Bilger’s watercolor paintings have been reproduced along with her articles in the Ford Times, NEBRASKALand, and Kansas Magazine. She won a first prize in London, England for the design of a Christmas Card for the Heraldry Society. She also produced original historical murals which hung in the Johnson County Courthouse at Olathe . One of her works is in the permanent collection of the Sierra Museum of San Diego, California.

Bilger exhibited widely and her some of her works reside in collections in Europe, India, Philippines, and the U.S.A. She also had exhibited shows which include but is not limited to: the Kansas City area, Heritage, Discovery, Plaza, Ward Parkway, Oak Park, Crown Center, Prairie Village, Kansas, and Metcalf South.

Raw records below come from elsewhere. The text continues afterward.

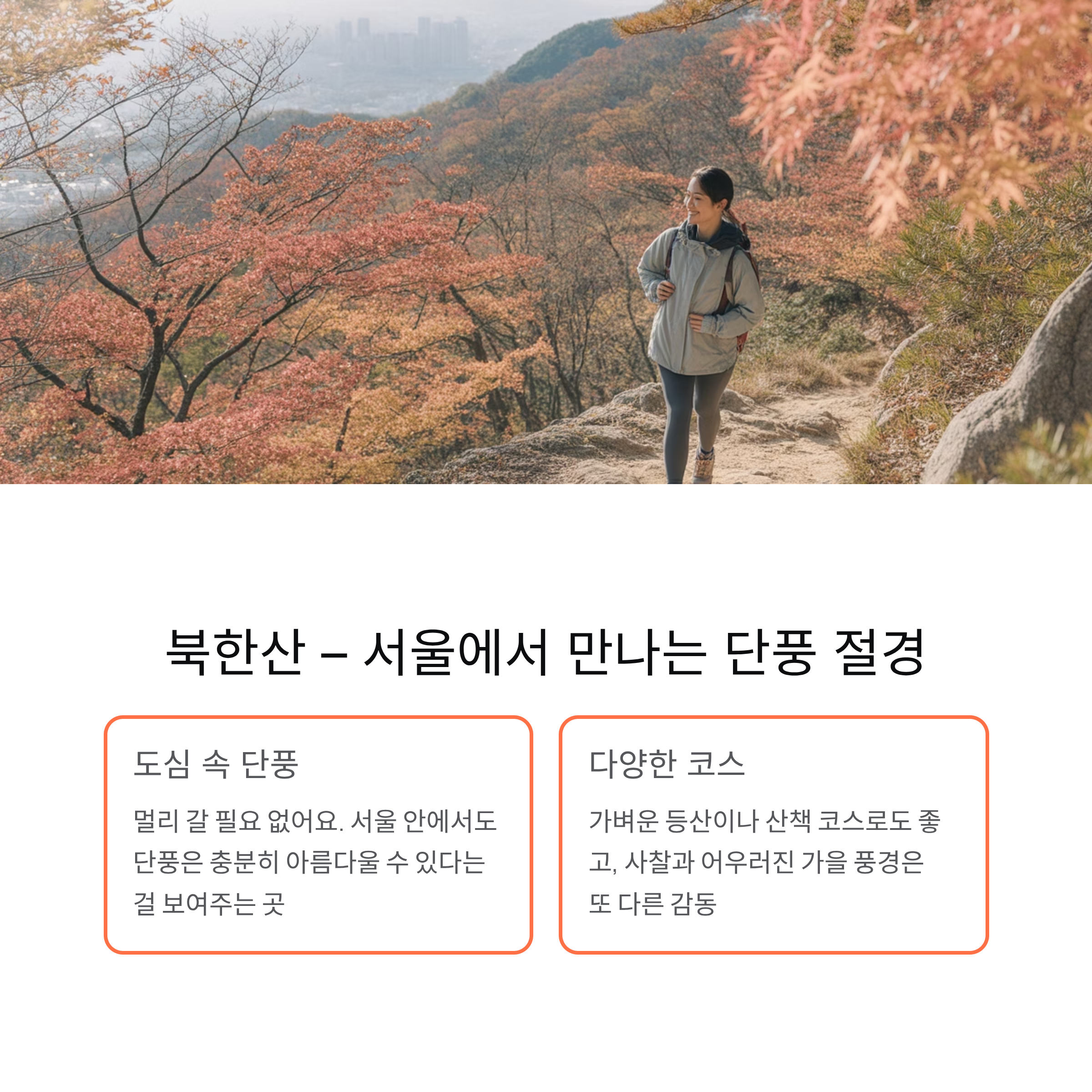 멀리 갈 필요 없어요. 서울 안에서도 단풍은 충분히 아름다울 수 있다는 걸 보여주는 곳이 바로 북한산입니다. 도심 속에서도 이렇게 멋진 풍경이 가능하다니! 가벼운 등산이나 산책 코스로도 좋고, 사찰과 어우러진 가을 풍경은 또 다른 감동을 줘요.
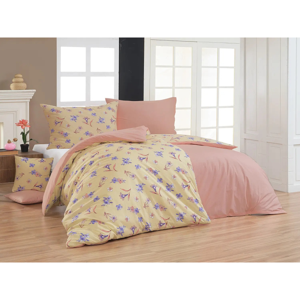 Bavlněné ložní povlečení Elia vnese do vaší ložnice svěžest a pozitivní atmosféru. Jemné kvítky v paletě fialových a růžových tónů na žlutém podkladu zdobí vrchní stranu povlečení. Spodní strana nabízí příjemný kontrast v podobě drobných bílých puntíků na růžovém podkladu.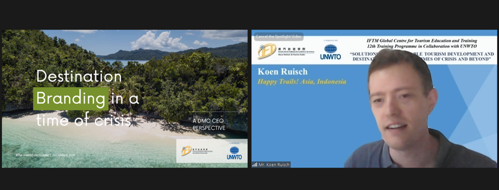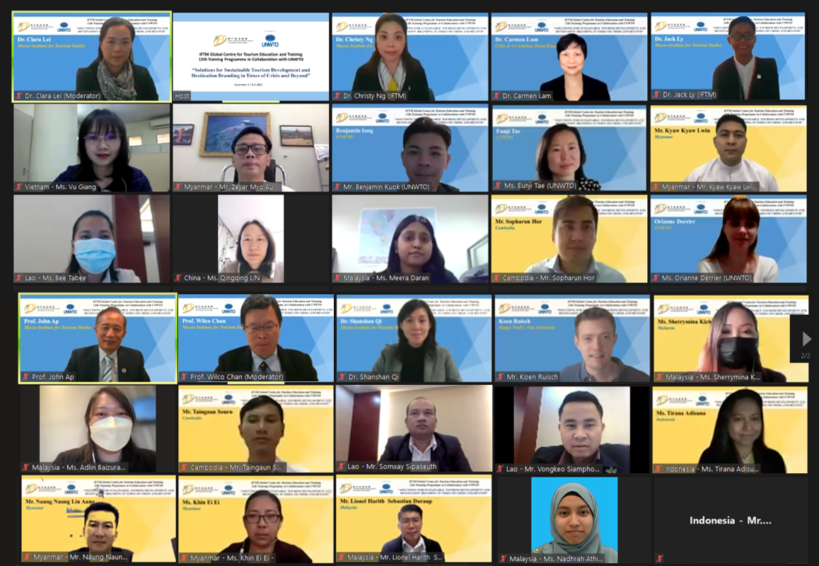 The Global Centre of Tourism Education and Training of the Macao Institute for Tourism Studies, in collaboration with United Nations World Tourism Organisation, held its second training programme this year on 6, 7 and 9 Dec 2021, which comprised three webinars based on the theme of “Solutions for Sustainable Tourism Development and Destination Branding in Times of Crisis and Beyond”. This online training programme focused on Sustainable Tourism Development, Strategic/Destination Marketing and Destination Branding.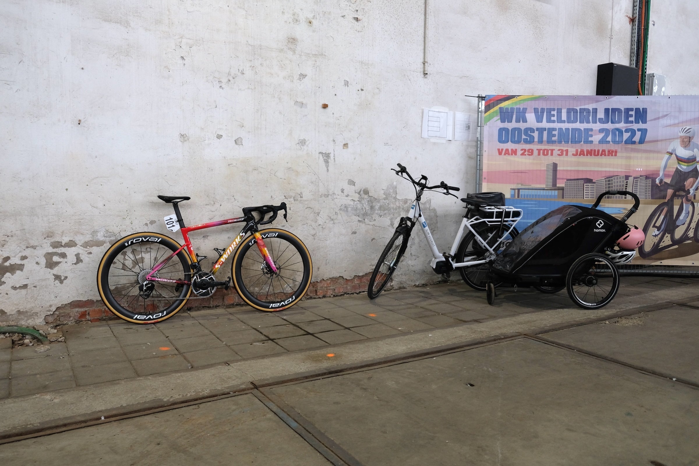 Like over the last few years, Omloop starts in Gent, where a big hall next to the famous velodrome ’t Kuipke turns into the epicenter of road cycling for a few hours. Most of the busses park inside the hall, which becomes a formicary for cyclists, Belgian cycling fans, and eager journalists.

In 1979 one of her watercolors was selected to be in the exhibition of Eastern Kansas Artists in the Rotunda of the Kansas State Capitol in Topeka, Kansas . She was a member of the International Society of Artists (Artists' International Association), the Greater Kansas City Art Association, and Tri-County Art League. "Grace Bilger" day was established June 25, 2007 in Olathe, Kansas to commemorate Olathe's 150th birthday and Grace's contributions artistically and historically to the city and county.

Grace Reeve Bilger is survived by her daughter Sarah, granddaughter Suzanna Reeves, two grandchildren, and four great-grandchildren.